[Problem requirements] Copy the records below exactly, starting at the line that contains "In the next" and ending at the line that contains "-2mA\] \[Vo =\left"; leave out any pictures.

(Records to process Opens)

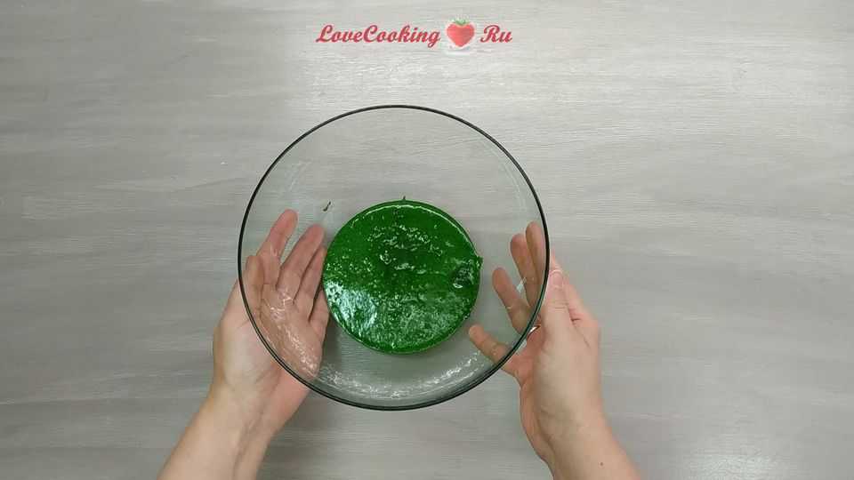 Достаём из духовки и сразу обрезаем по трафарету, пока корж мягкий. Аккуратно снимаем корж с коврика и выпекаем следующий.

(Records to process Closes)
(Records to process Opens)

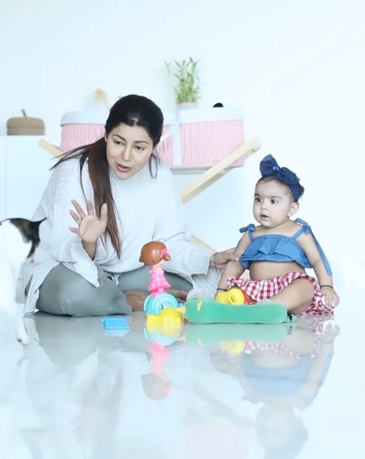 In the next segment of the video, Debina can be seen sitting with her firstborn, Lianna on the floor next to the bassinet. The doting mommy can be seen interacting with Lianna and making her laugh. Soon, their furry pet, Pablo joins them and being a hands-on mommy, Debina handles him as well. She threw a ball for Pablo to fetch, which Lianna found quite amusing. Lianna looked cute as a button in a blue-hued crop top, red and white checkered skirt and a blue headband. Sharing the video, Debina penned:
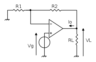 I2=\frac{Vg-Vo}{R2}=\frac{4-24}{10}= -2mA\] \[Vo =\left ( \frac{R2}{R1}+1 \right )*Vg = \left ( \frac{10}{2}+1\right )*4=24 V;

(Records to process Closes)

[Result of this task]
 In the next segment of the video, Debina can be seen sitting with her firstborn, Lianna on the floor next to the bassinet. The doting mommy can be seen interacting with Lianna and making her laugh. Soon, their furry pet, Pablo joins them and being a hands-on mommy, Debina handles him as well. She threw a ball for Pablo to fetch, which Lianna found quite amusing. Lianna looked cute as a button in a blue-hued crop top, red and white checkered skirt and a blue headband. Sharing the video, Debina penned:
 I2=\frac{Vg-Vo}{R2}=\frac{4-24}{10}= -2mA\] \[Vo =\left ( \frac{R2}{R1}+1 \right )*Vg = \left ( \frac{10}{2}+1\right )*4=24 V;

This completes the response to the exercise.